### GIVEN INFORMATION
☆ ☆ ☆ ☆ ☆
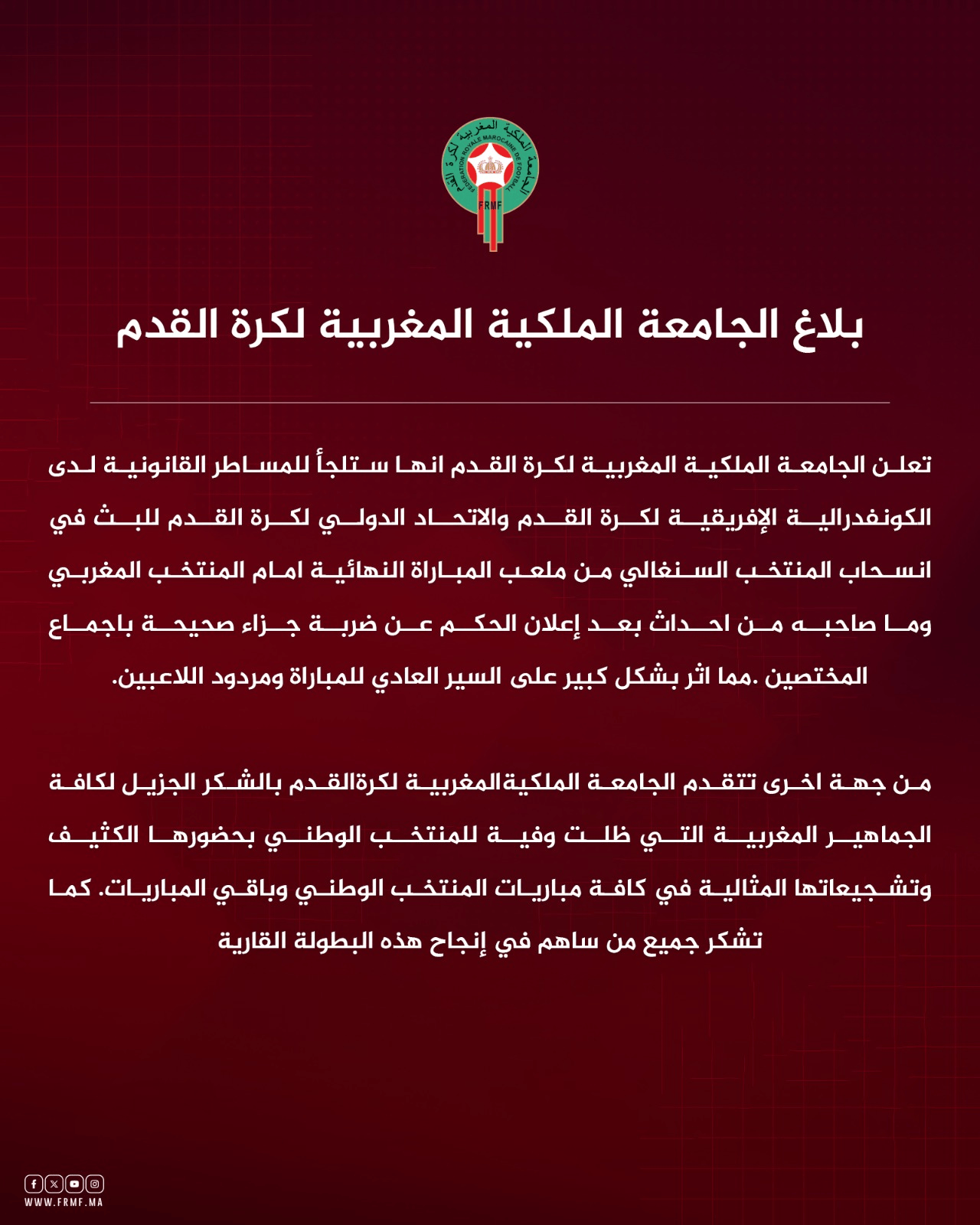 摩洛哥皇家足球协会宣布:在裁判经相关专业人员一致判定点球有效后,塞内加尔国家队退出了对阵摩洛哥国家队的决赛赛场,以及后续发生的相关事件,协会将向非洲足球联合会(CAF)和国际足球联合会(FIFA)采取法律行动。这一事件已对比赛的正常进行和球员的心理状态造成了重大影响。
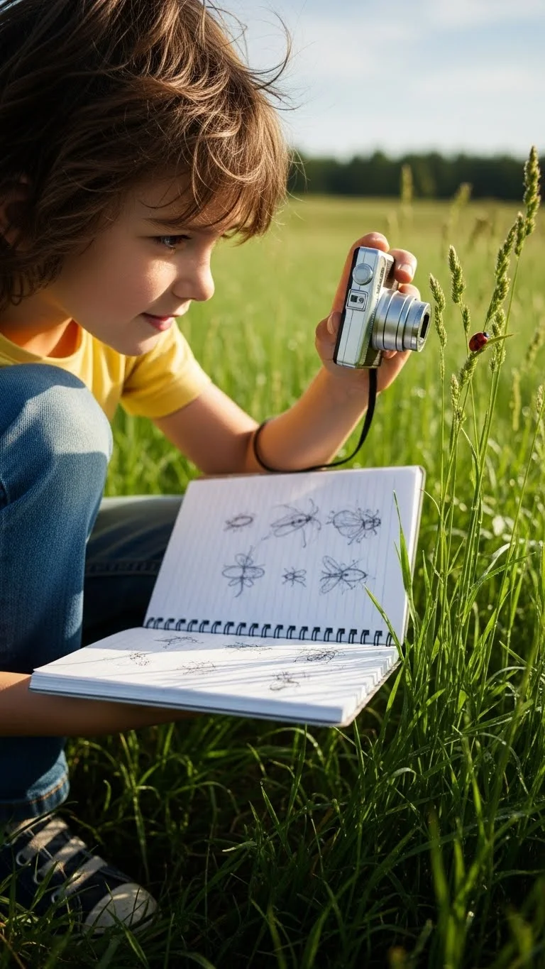 Give your child a pocket notebook and step outside. Look for tiny insects under rocks or leaves. Observe quietly for a few moments. Sketch what you see. Add simple labels like “red legs” or “striped body.” Keep the outing short so it stays relaxed. Use a phone to take close-up photos if your child prefers pictures over drawings. This activity works even in small outdoor spaces.
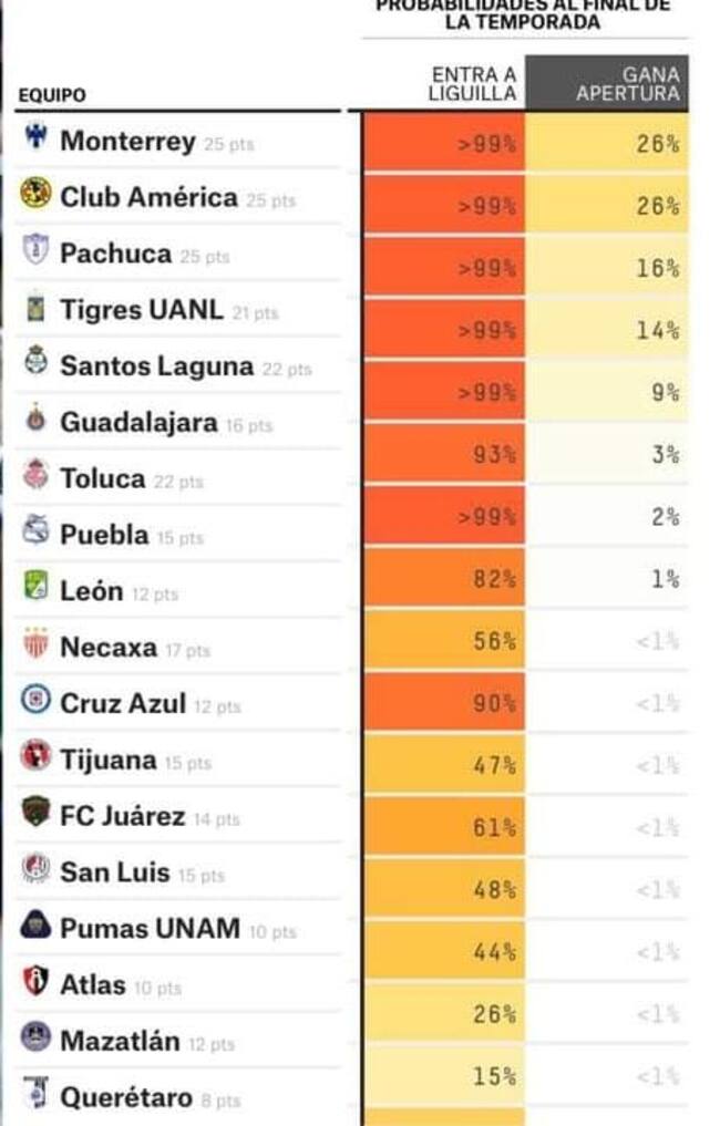 Por otra parte, los que tienen muy pocas chances de ser Campeón esta temporada, son Chivas, que a pesar de la mejoría, solo suma 3% del 100 total y Cruz Azul con 1% y sumido en una crisis importante de resultados que lo tienen en el fondo de la tabla.
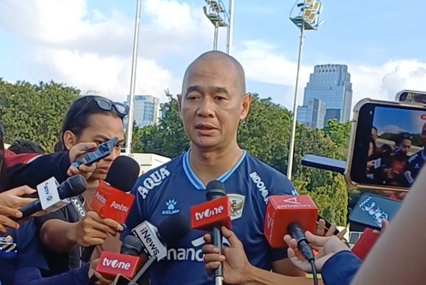 Kurniawan Dwi Yulianto memberikan keterangan kepada media. Foto: Kamustimnas.com
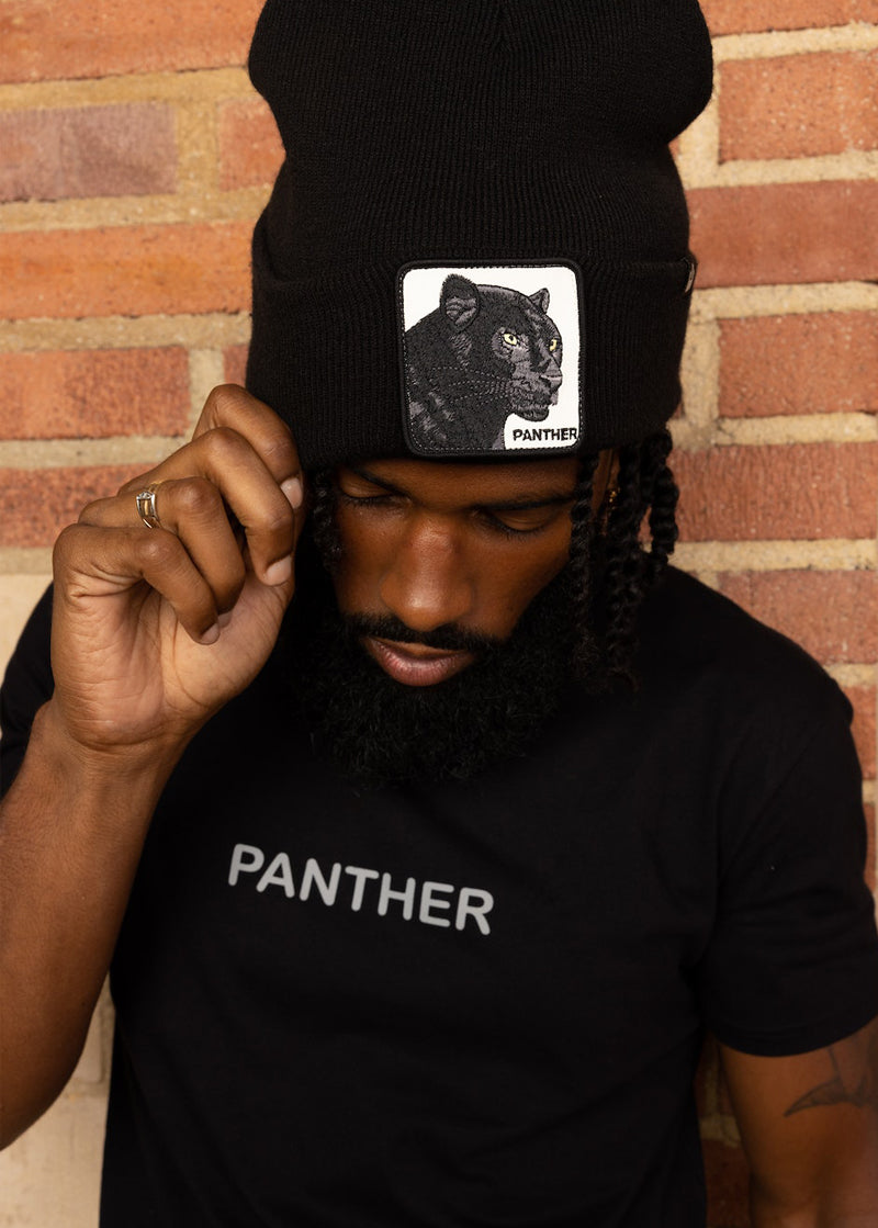 The Menace Beanie by Goorin Bros. in DESIRE features a black panther face patch with yellow eyes on the front fold, plus a small black tag.
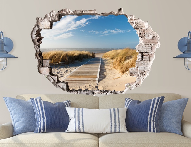 Jetzt am Meer sein? Das wär' doch was! Weißer warmer Sand, Sonnenschein, der Duft von Dünengräsern, barfuß über den Holzsteg laufen und rein ins Wasser. Wandtattoo "3D Wandtattoo Meeresdüne": Ein maritimes Design mit Küsten-Feeling, im realistischen Mauerwerk-Rahmen samt blauem Himmel, viel Schilf und schäumenden Wellen am Sandstrand.
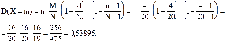 б) Найдем основные числовые характеристики распределения данной случайной величины. Можно рассчитать математическое ожидание, дисперсию и среднее квадратическое отклонение по общим для любой дискретной случайной величины формулам. Но математическое ожидание случайной величины, подчиняющейся гипергеометрическому распределению, может быть рассчитано по более простой формуле:
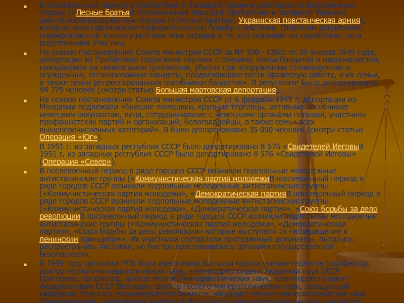 («Лесные братьяВ послевоенный период в Прибалтике и Западной Украине действовали вооруженные отряды («Лесные братья», Украинская повстанческая армия), которые вели партизанско-террористическую борьбу с властями. Ответным репрессиям подвергались не только участники этих отрядов и те, кто оказывал им содействие, но и родственники этих лиц.
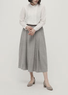 オックスフォードのしなやかな風合いをお楽しみいただけるタックスカートです。適度な広がりと長めの丈感、オックスフォードの素材感が上品な印象を与えてくれます。ウエストゴム仕様のため、身体にやさしくフィットして快適な穿き心地です。同素材のOxford Khadi Tailored Short Jacketとのセットアップもおすすめです。
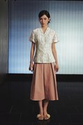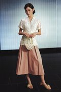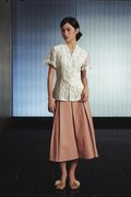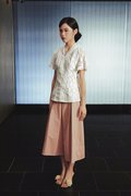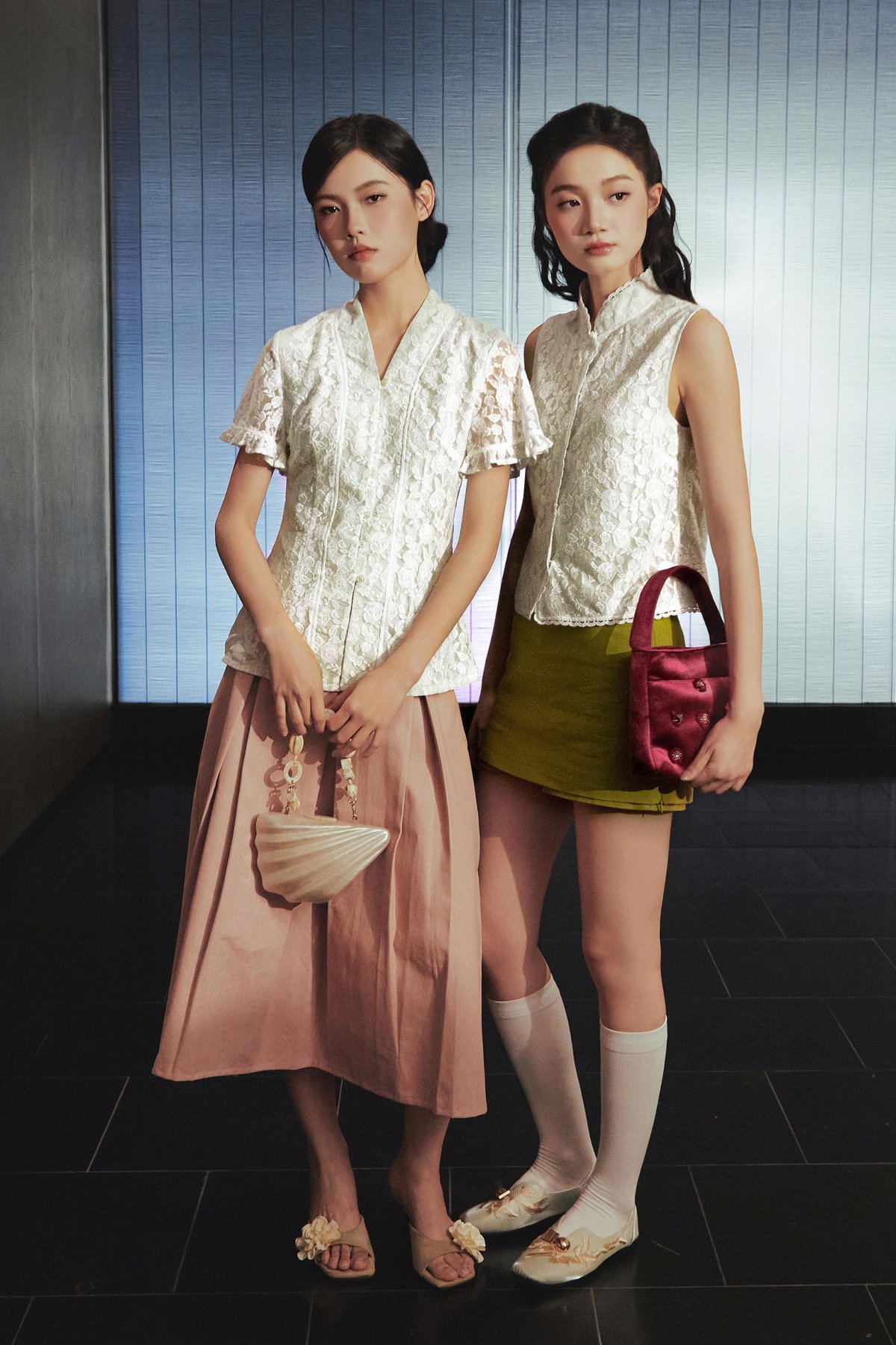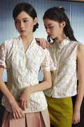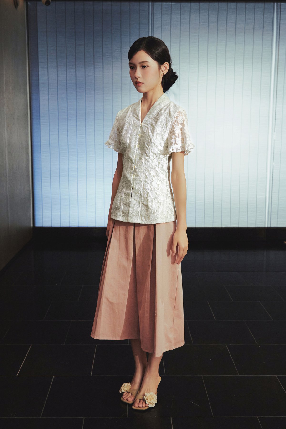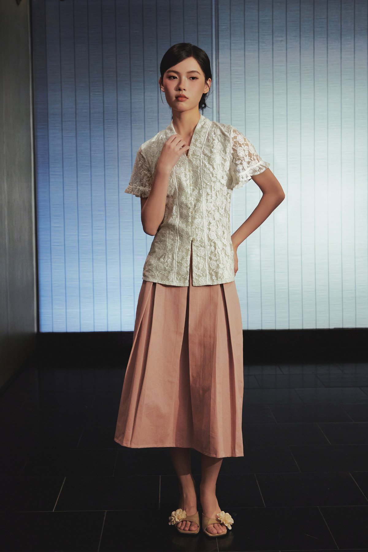 A Nyonya kebaya inspired top, fully lined and cut in a classic kebaya silhouette. Designed with functional front buttons and finished with soft ruffle details at the sleeve hems for a feminine touch.
☆ ☆ ☆ ☆ ☆
### ASSIGNED TASK
All that should be printed is the run of lines above from the one with "Por otra parte, los" through the one with "The Menace Beanie", both included, exactly as given, with pictures left out.

### RESULT BELOW
 Por otra parte, los que tienen muy pocas chances de ser Campeón esta temporada, son Chivas, que a pesar de la mejoría, solo suma 3% del 100 total y Cruz Azul con 1% y sumido en una crisis importante de resultados que lo tienen en el fondo de la tabla.
 Kurniawan Dwi Yulianto memberikan keterangan kepada media. Foto: Kamustimnas.com
 The Menace Beanie by Goorin Bros. in DESIRE features a black panther face patch with yellow eyes on the front fold, plus a small black tag.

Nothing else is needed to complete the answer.